The chapel at Mirfield

The idea that the silence or hiddenness of God could actually be a gift, the emptiness being just what I need to call forth a response in me, was a helpful one to then take with me into my retreat at the Community of the Resurrection, Mirfield. On my first day the brothers sang the Thomas Aquinas hymn, “Thee we adore, o hidden Saviour, thee”.

The depth of silence and peace when being led in prayer (and unable even to join in the singing due to Covid) was something I have rarely experienced and it brought me to tears on more than one occasion, especially at the Vigil of the Resurrection which has never been part of my tradition. My experience at Mirfield brought me face to face not so much with my inability to rest this time but with my failure to make prayer the “wellspring of my ministry”. It dawned on me that if my ministry has been built on prayer, it is not mine but the prayers of the wonderful saints around me, those who work alongside me and support me in countless ways, those I know pray for me and my ministry regularly. But I have taken a vow to be “diligent in prayer” and I need to remember that and keep praying for my heart to daily be enlarged, for my understanding of the scriptures to be enlightened and for the gift of the Holy Spirit as it says in the Ordinal.

Apologies if you were hoping to read some amazing words of wisdom or the key to happiness or a 5 point plan to improve your prayer life. In working on the research for my doctorate, there is a significant emphasis on making an original contribution to the field but nothing of what I have learnt on sabbatical is new. I’ve had my eyes opened to it in a new way perhaps but that is all and that’s ok. I don’t need to justify my sabbath time beyond it being a pivotal commandment. There isn’t much more I could ask for as I leave the woods for now and return to work in the fields. The harvest is plentiful and the workers may be few, but there is no easy solution or quick fix to be found, only a response that is called for, not to work ourselves into the ground but to return to what we already know, not least those divine commands to rest (Exodus 20.8) and to pray (Luke 11.1-4). In fact, I wonder if nothing could be more challenging to the prevailing culture at this time and nothing more potentially transformative for the church.

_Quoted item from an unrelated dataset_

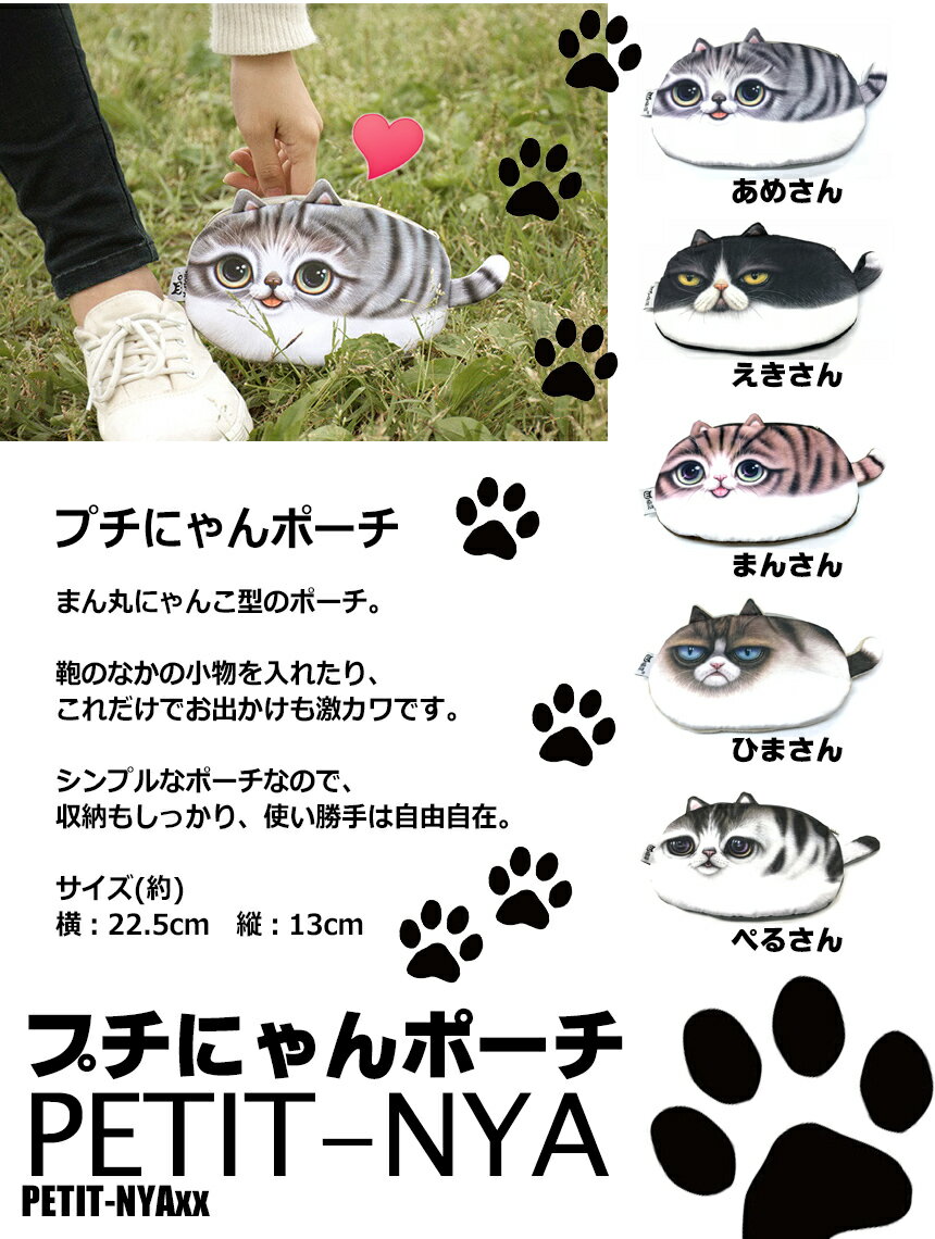 ■商品説明 プチにゃんポーチまん丸にゃんこ型のポーチ。

The beautifully carved altar in the Chapel of the Resurrection, Mirfield

Back home this week, I have watched two pigeons gathering small twigs and nesting materials from the bottom of the garden. Seeing them fly back and forth I was reminded of the dove (or was it a pigeon?) with its olive branch that was a sign to Noah that life was finally re-emerging after the flood … To and fro they flap/nest-building parents-to-be/one twig at a time.

In returning and rest you shall be saved, in quietness and trust shall be your strength.